6 thoughts on “de Le√≥n’s Bill is Misdirected – Who Can Buy Ammo Is More Important”

  1. Indeed, it would be fantastic if CCWs were required to buy ammo in this state. It would give CA the strongest ammo control law in the nation. We would be the first state to require a full crim. background check, LiveScan fingerprinting, and documented training, before anyone could even buy handgun ammo. This is a sensible gun law that I can support.

  2. I agree with the idea of requiring a permit to purchase ammo, but I don’t understand how you can promote that and not restrict internet sales. It would be like selling hard alcohol and opiates over the web.

  3. In CA switchblades and hi-cap magazines are illegal for citizens but legal for law enforcement, and both items are sold online as well as in stores. The online sales require you to send a hard copy of your law enforcement credentials to the company before they will sell to you (both items are legal in many part of the country so this is a CA specific rule) and once they have that on file they will sell to you. I’d imagine ammo sales would work much the same way. Remember we’re not talking about something that can be sent from anywhere in the world, ammo is already pretty regulated even online.

  4. Sorry Sean, Love ya like a bro, but I gotta bat against you on this.

    I know where you are going with this, and using this kind of bill to force shall issue CCW legislation is not the answer. It will not get the support from either camp, and it is totally unenforceable, like all other laws that the Democrats fart out of their heads.

    What about reloaders? What about Cowboy Action shooters who aren’t interested in CCW’s?

    You have to look at CCW issuance rates in the Shall issue states…they are not much higher than California is, and the most liberal of the Shall Issue states hover around 10%. Thats far less than the number of gun owners in the US.

  5. A little bit of info.

    Washington DC has outlawed Ammunition except in the following circumstances:

    Reference is made to information provided on the web site regarding to the District of Columbia.
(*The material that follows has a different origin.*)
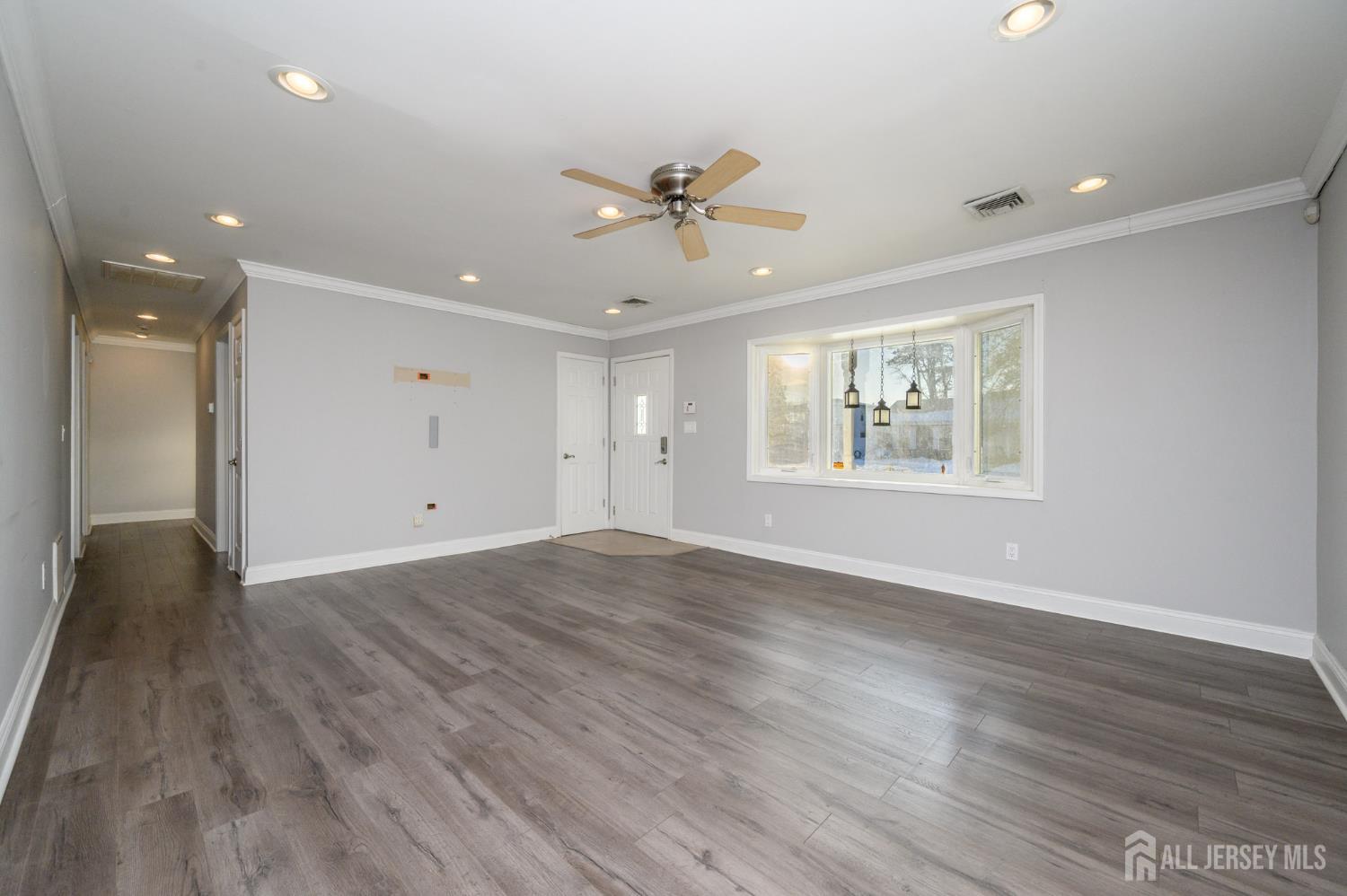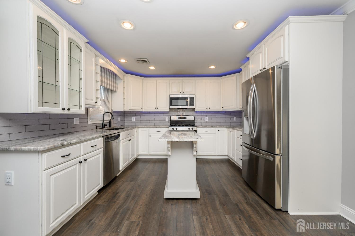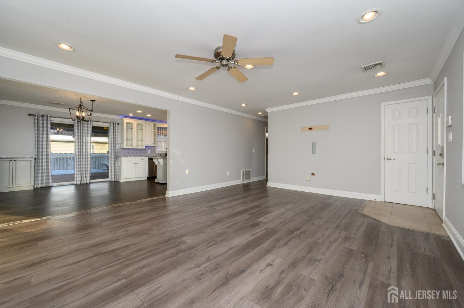 Welcome Home! Beautiful 3 Bed 2 Full Bath Ranch in desirable Toms River is ready and waiting for you. The open front porch welcomes you in to find a spacious light & bright Living Rm featuring a large bay window streaming in tons of natural light, elegant crown molding, recessed lighting and NEW luxe vinyl plank flooring that extends throughout. The Formal Dining Rm is perfect for hosting dinner guests with sliding glass doors to the rear deck for easy al fresco dining. The stunning Eat in Kitchen has been recently renovated and features NEW stainless steel appliances, granite counters, textured subway tiled backsplash, and a plethora of premium cabinetry with glass doors & built in wine bottle rack. Laundry on the main level is so convenient, NEW Washer & Dryer included! Down the hall, the main full bath with tub shower + 3 generous Bedrooms inc the Primary Suite. Primary Bedroom boasts it's own private full bath with stall shower. This home also features a NEW HVAC system (2025) and New Furnace (2023). Relax outdoors in the large backyard complete with deck, outdoor canopy, rustic stock tank pool, & storage shed, all fenced in for your privacy. The Oversized Driveway and 1 Car Garage provide ample parks space for you and guests. Close to shopping, dining, parks, and schools + public transportation and major rds for easy commuting. Don't wait, come and See TODAY! CJMLS 2608532R

Please take note that the District of Columbia Criminal Law and Procedure, Chapter 7-2506.01 states,

    No person shall possess ammunition in the District of Columbia unless:
    (1) He is a licensed dealer pursuant to subchapter IV;
    (2) He is an officer, agent, or employee of the District of Columbia or the United States of America, on duty and acting within the scope of his duties when possessing such ammunition;
    (3) He is the holder of the valid registration certificate for a firearm of the same gauge or caliber as the ammunition he possesses; except, that no such person shall possess restricted pistol bullets; or
    (4) He holds an ammunition collector’s certificate on September 24, 1976.

    They also have CCW’s available, but seriously restricted.

    Handgun laws are so strict that it is actually illegal to transport a gun within your own property.

    And we all know how effective Washington D.C. was at dealing with thier violent crime issues…

  6. Very interesting read, but restricting the outlets that sell ammunition may be a good way to go. Look at UT and its state run liqour store. Maybe weed down to a few select retailers and have constant supervision of their sales will help curb some of the ammo from being used wrong.

    Note I say curb. If we regulate the hell out of the sales crooks will still have ample ammo. We have 3 states bordering us where one can get their ammo and bring it back here where the criminal can take what he needs for his own uses and then sell on a black market.

    Don’t think it will happen? HA! Take a look at what govt documents you can buy unchecked on the local black market and tell me that ammo won’t continue to flow freely.

    Nice try but in the end the crooks only are inconvenienced a bit. I am so glad you are bringing this topic up for discussion. Who knows maybe a reader will get an idea and find a way to make it work up in SAC.